### [WORK TO COMPLETE]
Transcribe the whole listing below. Pictures do not go in the copy.

(INFORMATION SUPPLIED)

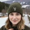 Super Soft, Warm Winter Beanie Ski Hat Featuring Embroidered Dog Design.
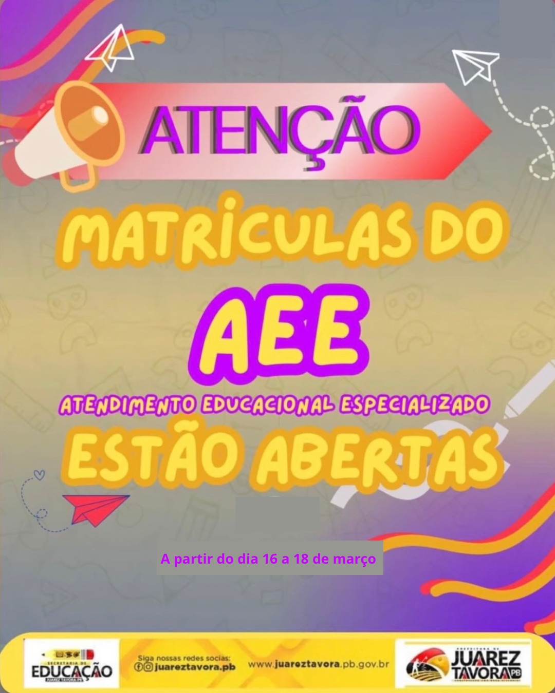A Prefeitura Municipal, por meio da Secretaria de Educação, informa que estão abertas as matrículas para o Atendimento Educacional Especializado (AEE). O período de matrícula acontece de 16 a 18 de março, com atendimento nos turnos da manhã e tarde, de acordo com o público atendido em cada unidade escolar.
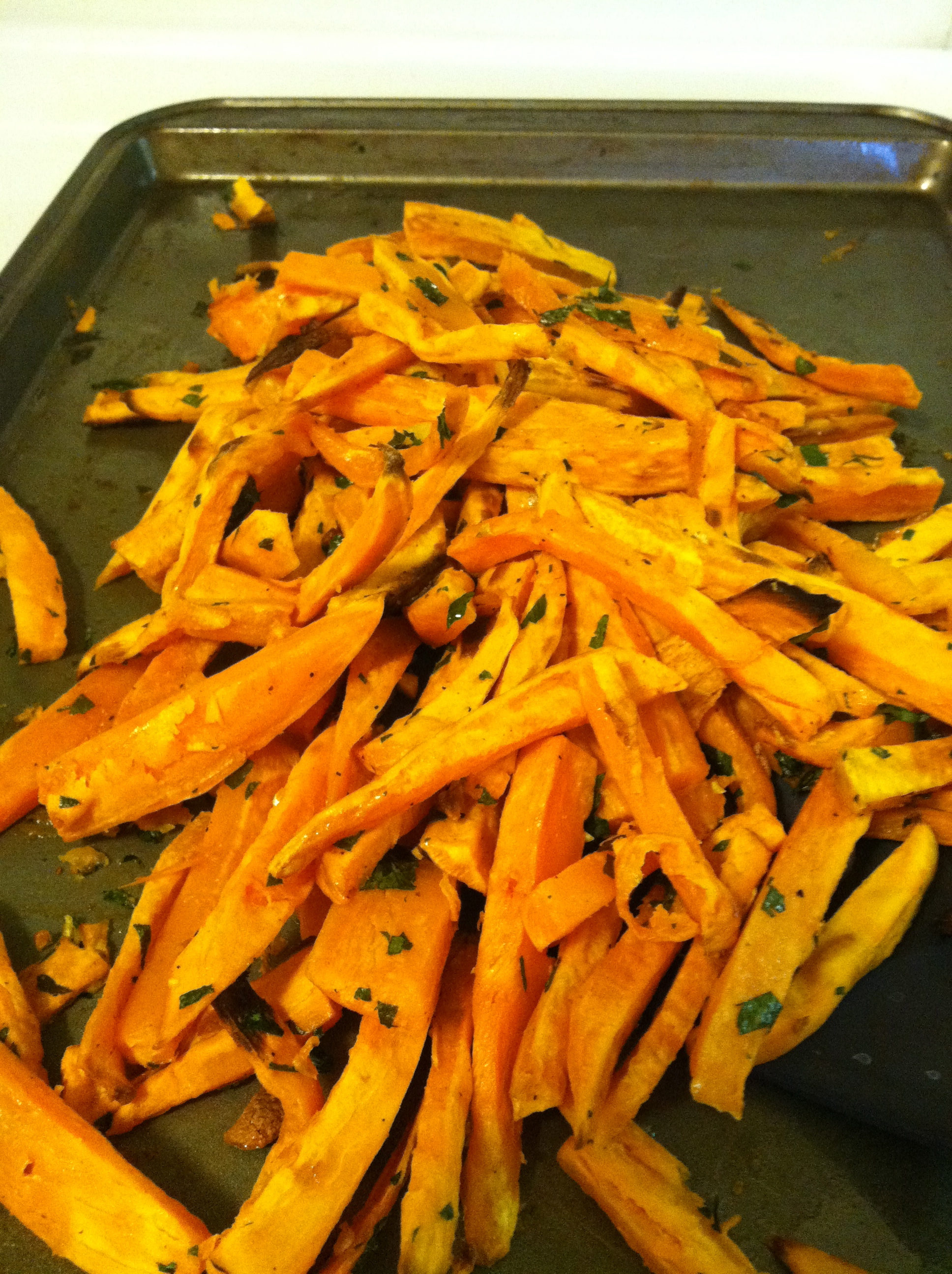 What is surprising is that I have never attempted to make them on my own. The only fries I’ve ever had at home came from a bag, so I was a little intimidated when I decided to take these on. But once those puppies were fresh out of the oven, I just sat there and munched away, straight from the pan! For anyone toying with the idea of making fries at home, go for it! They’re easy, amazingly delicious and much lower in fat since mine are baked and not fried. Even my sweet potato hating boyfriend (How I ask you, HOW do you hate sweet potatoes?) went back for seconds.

(End INFORMATION SUPPLIED)

### [OUTPUT FOR THIS TASK]
 Super Soft, Warm Winter Beanie Ski Hat Featuring Embroidered Dog Design.
A Prefeitura Municipal, por meio da Secretaria de Educação, informa que estão abertas as matrículas para o Atendimento Educacional Especializado (AEE). O período de matrícula acontece de 16 a 18 de março, com atendimento nos turnos da manhã e tarde, de acordo com o público atendido em cada unidade escolar.
 What is surprising is that I have never attempted to make them on my own. The only fries I’ve ever had at home came from a bag, so I was a little intimidated when I decided to take these on. But once those puppies were fresh out of the oven, I just sat there and munched away, straight from the pan! For anyone toying with the idea of making fries at home, go for it! They’re easy, amazingly delicious and much lower in fat since mine are baked and not fried. Even my sweet potato hating boyfriend (How I ask you, HOW do you hate sweet potatoes?) went back for seconds.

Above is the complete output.